+++ Available data +++

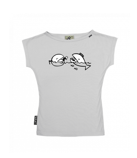 WOMEN'S BOAT NECK T-SHIRT for woman with design 385 FISH TAXI in color CEMENT
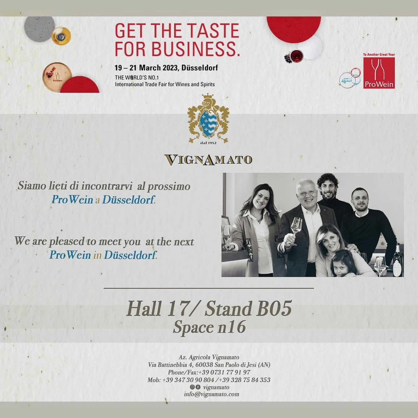 Da lunedì 19 Marzo saremo lieti di incontrarvi a Düsseldorf al “ProWein”, fiera leader a livello internazionale nel settore dei vini e dei distillati, nell’area della Regione Marche, per farvi conoscere i ns prodotti.
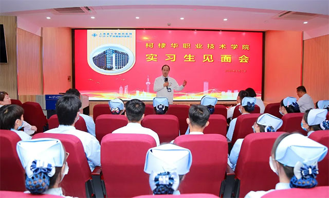 项耀钧院长代表医院领导致辞,项院长对2所院校毕业生来院实习表示热烈欢迎,甘肃卫生职业学院、石家庄柯棣华职业专修学院是二所以护理为专业的院校,建院以来为国家培养了大批护理专业的“新鲜血液”。而上海蓝十字脑科医院护理队伍也有着鲜明特色和光荣传统,近年来,陆续为公司和兄弟医院输送了一批优秀的护理骨干人才。他鼓励广大实习生将学院优秀的学习文化融入到蓝十字护理文化中来,以饱满的热情、积极的心态投身到实习工作当中去,努力学习实践,不断升华自己,今后为护理事业发展贡献自己的一份力量。

+++

▶ _Exercise brief_
The material above is to be transcribed exactly, with all pictures omitted.

▶ _Result for this task_
 WOMEN'S BOAT NECK T-SHIRT for woman with design 385 FISH TAXI in color CEMENT
 Da lunedì 19 Marzo saremo lieti di incontrarvi a Düsseldorf al “ProWein”, fiera leader a livello internazionale nel settore dei vini e dei distillati, nell’area della Regione Marche, per farvi conoscere i ns prodotti.
 项耀钧院长代表医院领导致辞,项院长对2所院校毕业生来院实习表示热烈欢迎,甘肃卫生职业学院、石家庄柯棣华职业专修学院是二所以护理为专业的院校,建院以来为国家培养了大批护理专业的“新鲜血液”。而上海蓝十字脑科医院护理队伍也有着鲜明特色和光荣传统,近年来,陆续为公司和兄弟医院输送了一批优秀的护理骨干人才。他鼓励广大实习生将学院优秀的学习文化融入到蓝十字护理文化中来,以饱满的热情、积极的心态投身到实习工作当中去,努力学习实践,不断升华自己,今后为护理事业发展贡献自己的一份力量。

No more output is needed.